Netanyahu soruyu, “Filistinlilerin kendi kendilerini yönetmek için tüm yetkilere sahip olmaları gerektiğine inanıyorum, ancak bizi tehdit edecek herhangi bir yetkiye değil” diye yanıtladı.
Netanyahu ayrıca, Filistinlilerin Gazze Şeridi'nden çıkarılması konusuna da değinerek, İsrail ve ABD'nin, savaştan zarar gören Gazze Şeridi'nden ayrılmak isteyen Filistinlileri kabul edecek ‘birkaç ülke bulmaya yakın’ olduğunu söyledi.
Netanyahu, “Başkan Trump'ın seçim özgürlüğü diye harika bir vizyonu var. Eğer insanlar kalmak istiyorlarsa kalabilirler ama gitmek istiyorlarsa da gidebilmeliler” şeklinde konuştu.
Üst düzey bir İsrailli yetkili yemekten sonra yaptığı açıklamada, İsrail'in Trump'ın Gazzelileri gönüllü olarak göç etmeye teşvik etme konusunda ciddi olduğuna ikna olduğunu belirtti.

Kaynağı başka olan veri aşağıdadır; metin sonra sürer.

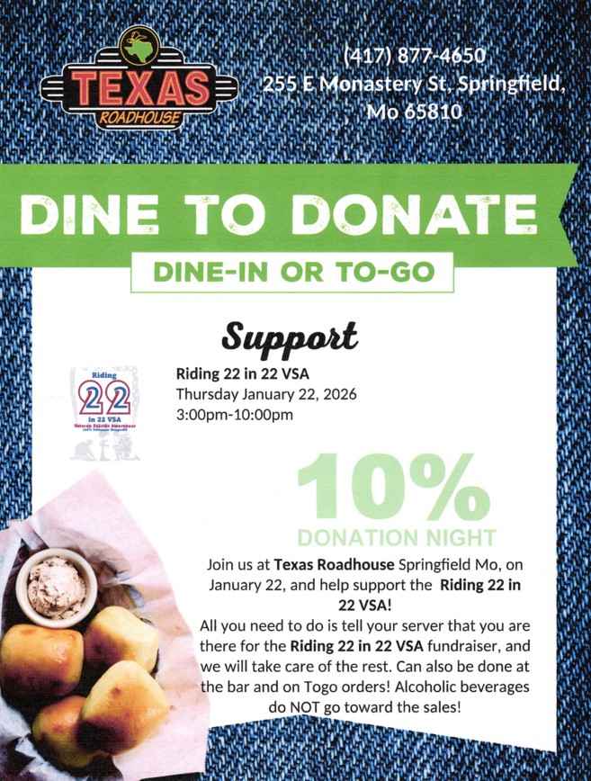 Just show the image of this flyer to your server on your mobile device before paying your bill and they will donate the percentage noted of your bill to help us provide transportation, lodging and meals to veterans and their caregivers while they attend lifesaving mental health treatment.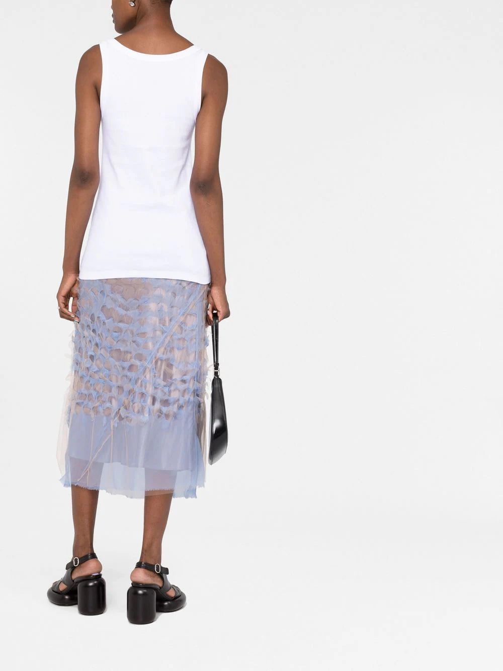 logo-plaque sleeveless vest top from PRADA featuring white, cotton, enamel triangle logo, square neck, sleeveless and straight hem.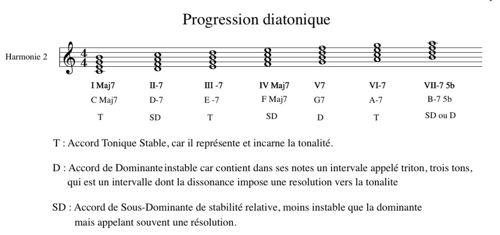 La première progression d’accords que nous allons étudier est la progression diatonique à la gamme majeure. Elle reste bien sûr identique dans toutes les tonalités.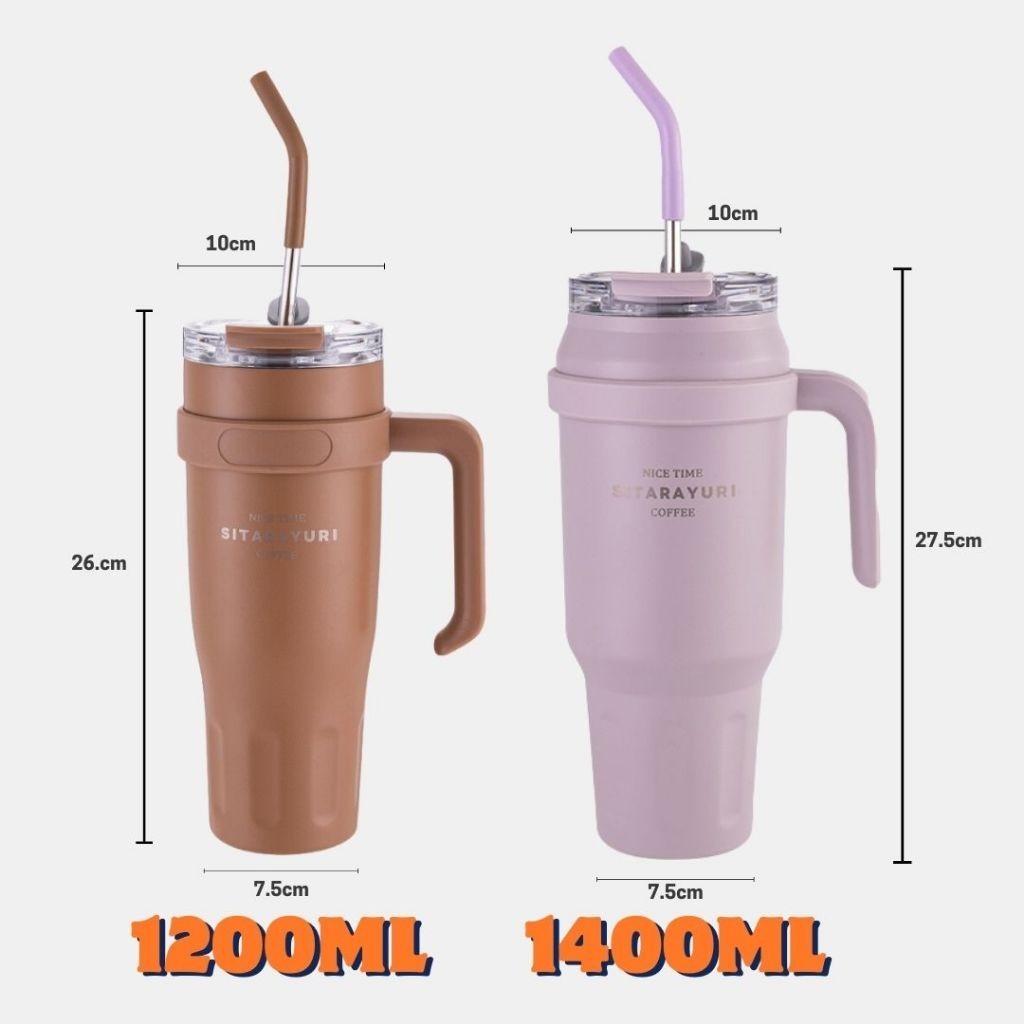 พร้อมส่ง SITARAYURI แก้วเก็บความเย็น หูจับข้างแก้วแข็งแรง สแตนเลส 304 ขนาด 1200ml , 1400ml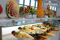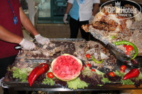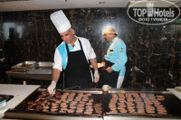 Ну и расскажу о питании. Коротко о меню: вкусно и разнообразно. А теперь что было важно лично для нас: В других отелях Турции мы сталкивались с тем, что кушать нужно было приходить только к открытию ресторана, иначе все места будут заняты и все будет съедено. В этом отеле расслабьтесь! Места есть всегда. Есть залы и с кондиционированием. есть и на террасе, есть и детские столики. Еда не заканчивается, за этим следят. Выпечка как всегда хороша, фрукты. Вынос барана тоже есть.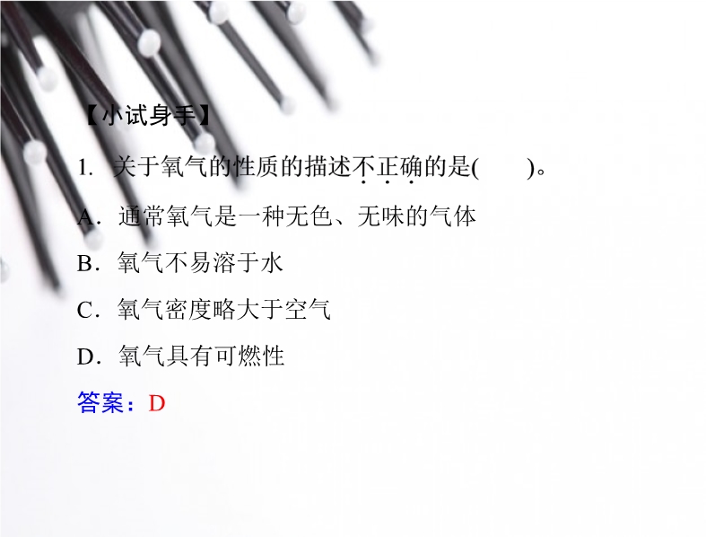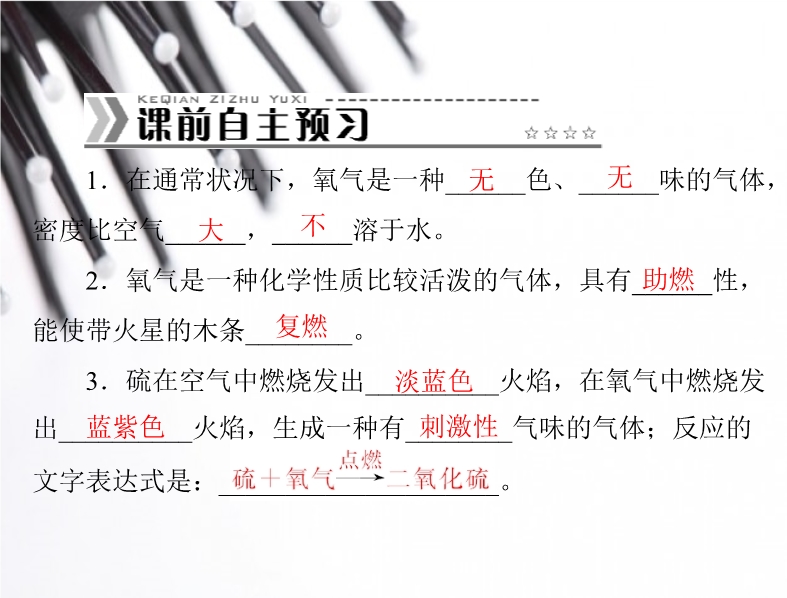 2012新人教版初中化学《第二单元 课题2 第1课时 氧气的性质》随堂优化训练(PPt课件)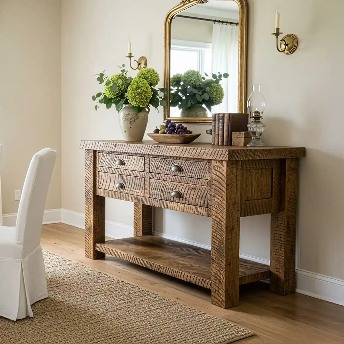This sideboard table is hand crafted from solid oak. Solid hardwood face frame, top, inlayed sides, & soft-close dovetail drawers. The drawer pulls are aged brass hardware. Solid 4″x4″ legs & bottom storage shelf. This piece comes fully assembled & ready for use.

Söz konusu açıklamaların ardından Filistin Yönetimi'nden bir kaynak Şarku’l Avsat'a şunları söyledi: “Onların tutumu biliniyor. Ancak biz siyasi bir süreç başlatmak için uğraşıyoruz. Batı Şeria, Gazze Şeridi ve Doğu Kudüs'ü kapsayan bir devlet kurma hakkımızdan taviz vermeyeceğiz.”